I do not have any problem growing it now<g>! I have a ton of it. Super
plant....yada yada yada.
I needed a well cycled tank. This was my problem, tank out of balance. My
filter pump was clogged up so there was very little filtration. Other plants
were not as sensitive. Give it good balanced conditions and it's a good
plant. It has since done amazing things and is an excellent bushy little
plant with many uses.
The plant does like CO2,iron, light,and well balanced tank. This I can
assure everyone. I think it does need some elements and can do poorly if
these are not there. Which ones? I'm not sure. Good general conditions have
solved every issue I've had so far....... 

I use Flourite with some jobes and this seems to really make most every
plant around grow well.
The plant grew extremely well under Quartz lighting(MR-16 bulbs 12v DC) as
do well......all plants.
The plant responds very well to pruning. I have two bunches being tested
with a nutrient poor substrate(sand only using a RFUG) and a semi rich
one(flourite and jobes every so often) with no current through the substrate
and extremely high lighting on both tanks(110 watts on a standard twenty
gallon!). Basically, I got other nutty test and notions going on and at
these light levels thing crash fast unless your on top of it. This is why
I'm trying some things on the substrate as well. I can't keep up on dosing
the water column without testing daily  (and even then all the levels of
nutrients?) so I'm trying to rely more on the substrate as a nutrient source
even if I have a nice old mature tank when tanks are at 5 watts/gallon ++
and only 16 inch depths. Things happen much faster.

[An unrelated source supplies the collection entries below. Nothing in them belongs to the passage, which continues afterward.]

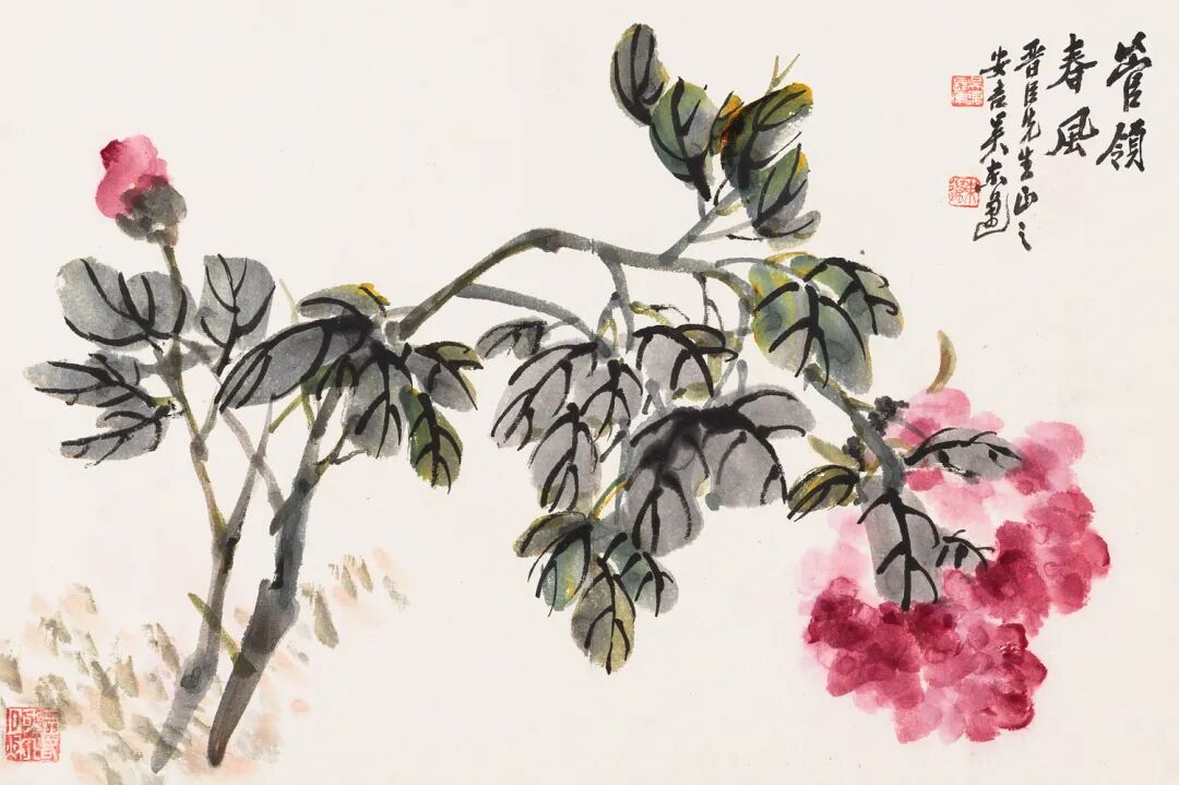 2.晋臣(袁爽)上款,“晋臣”即袁奭(1907-?),号晋臣,又作金城,上海银行家,与吴湖帆、冯超然、江寒汀等诸多沪上名家交善,富收藏。吴东迈(1886—1963)又名吴迈,浙江安吉人,寓上海。吴昌硕第三子。曾任昌明艺术专科学校校长。1956年起任上海中国画院画师,中国美协上海分会会员,上海文史市馆馆员上海中国书法篆刻研究会会员。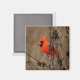 Pássaro vermelho incrível nos ramos de um morto ou árvore de queda com folhas marrons. O fundo faz o vermelho vivo das penas das aves se destacar e pop.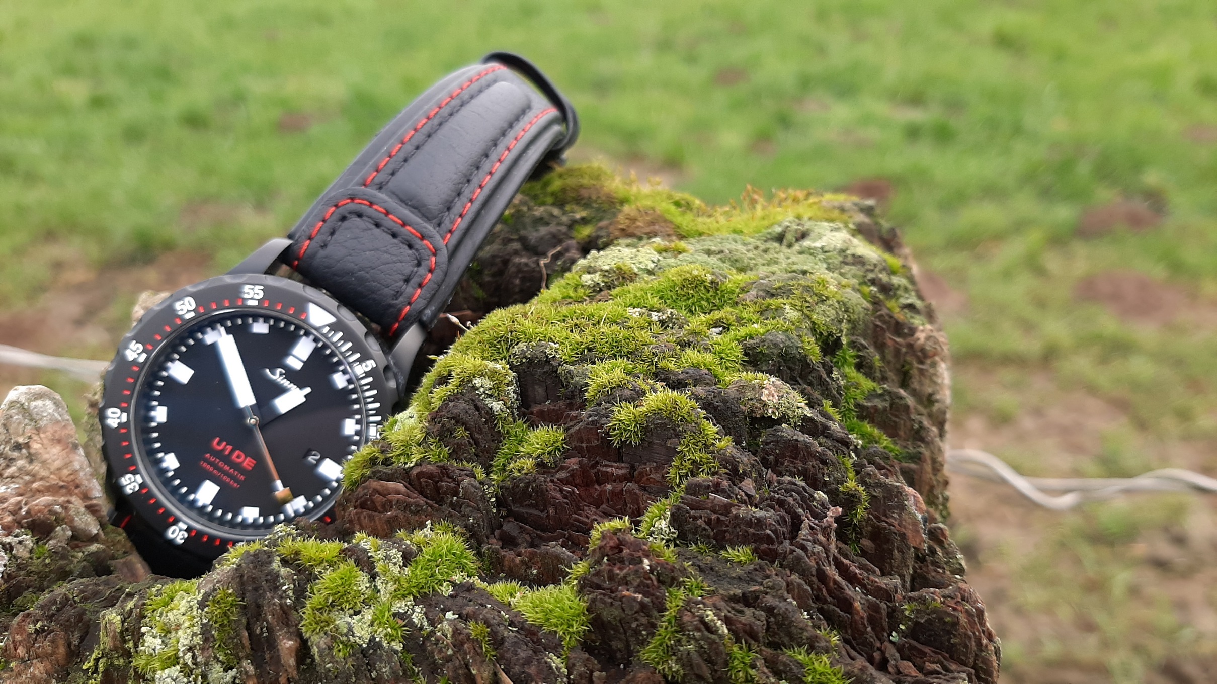 • Da gebe ich die zu 100% Recht, bei der DS ist das die stimmigste Kombination. Andere Bänder würden zu sehr von dem einzigartigen Ziffeblatt ablenken und die Uhr weniger elegant/dressig (sofern man das bei einer U1 sagen kann) wirken lassen.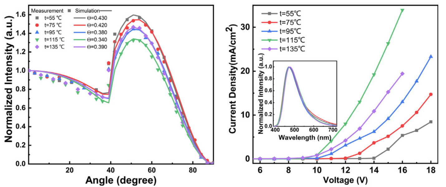1 不同退火温度下发光层的角度依赖荧光光谱 及对应OLED器件的电流密度-电压曲线,插图为归一化EL光谱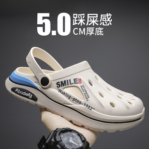スポット卸売り洞靴男夏外着運転厚い底滑り止め防臭PVC潮男百合ビーチサンダル
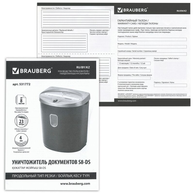 Уничтожитель (шредер) BRAUBERG S22-S, до 10 чел, 2 уров. секретности, 4 мм, 22 листа,, 531773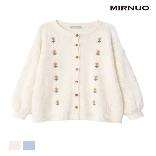 [미르누아]미르누아 들꽃 루즈핏 가디건 라운드넥 펀칭 니트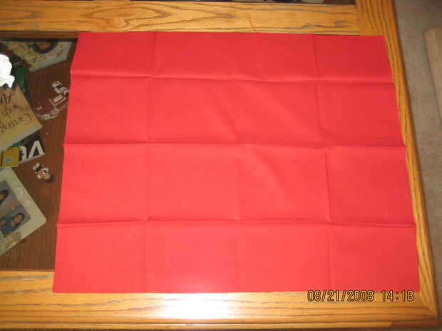 Ahora lo que hacen es tomar su paño rojo (mi madre decidió usar fieltro en su lugar después de que ya compró el paño rojo) y utilizar un recipiente como una plantilla. Usé un bol 7 pulgadas de diámetro. Utilizar cualquier tamaño que desee. Coloque su recipiente en el paño y use un lápiz para marcar alrededor de él. Una vez que corta este círculo, coser en la parte posterior de su chaqueta con el círculo con la mitad del círculo en azul, la mitad de la naranja. Si tiene problemas con esto, (no sé cómo, su tan simple) utiliza muchas imágenes de referance.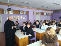 17 февраля протоиерей Андрей Романов, настоятель храма во имя Святой Троицы села Ясная Поляна Кузнецкого района, встретился с учащимися 8-10 классов Яснополянской средней школы.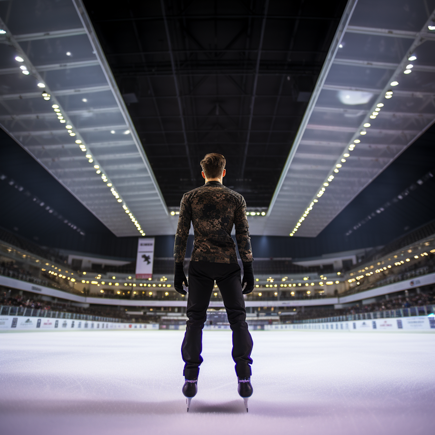 A figure skater stands confidently on a brightly lit ice rink, ready to perform, with spectators watching from the stands.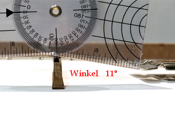 Auch der Knickwinkel der Seite ist für die Schwingungsübertragung von größerer Bedeutung. Ideal ist ein Winkel von 11 Grad. Das heißt aber nicht, dass es sich dabei immer um 11 Grad handeln muss. 11 Grad ist der optimale Winkel für eine Schwingungsübertragung. Der Winkel wird aber noch von anderen Faktoren beeinflusst. So braucht meine 5. Seite eher einen größeren Winkel. Wer sich eingehender mit diesem Thema beschäftigen möchte, dem empfehle ich Euphonics "The science of musical instruments" ISSN 2977-5612 von Jim Woodhouse.* Ich bevorzuge die Benton Bridge mit 16,24 mm Höhe

I'll let folks know about my findings. Shouldn't take too long. I know what
I'm looking for and know what the bad signs are. I think I'm on to something
that will work very well and is simple and very repeatable in a variety of
water conditions.
Patience and maintenance is all I needed to well with it. I got a little
impatient and came whining instead of taking my own advice :) ,it happens!
regards, 
Tom Barr    


>
>I had a large bunch of Micranthemum umbrosum growing in my 75g tank.
>It was kind of pale, and older leaves seem to be dying off.  I noticed
>a message on TheKrib by Tom Barr noting the same problem.   George Booth
>commented that it looked like a possible Iron deficiency when I gave him
>some of the M. umbrosum.   No other plants in the tank are showing any 
>signs of deficiency.
>
>Tom's comment on TheKrib (from 5/2/99):
>> the plant does very well for a few weeks(maybe 2-4 weeks or so)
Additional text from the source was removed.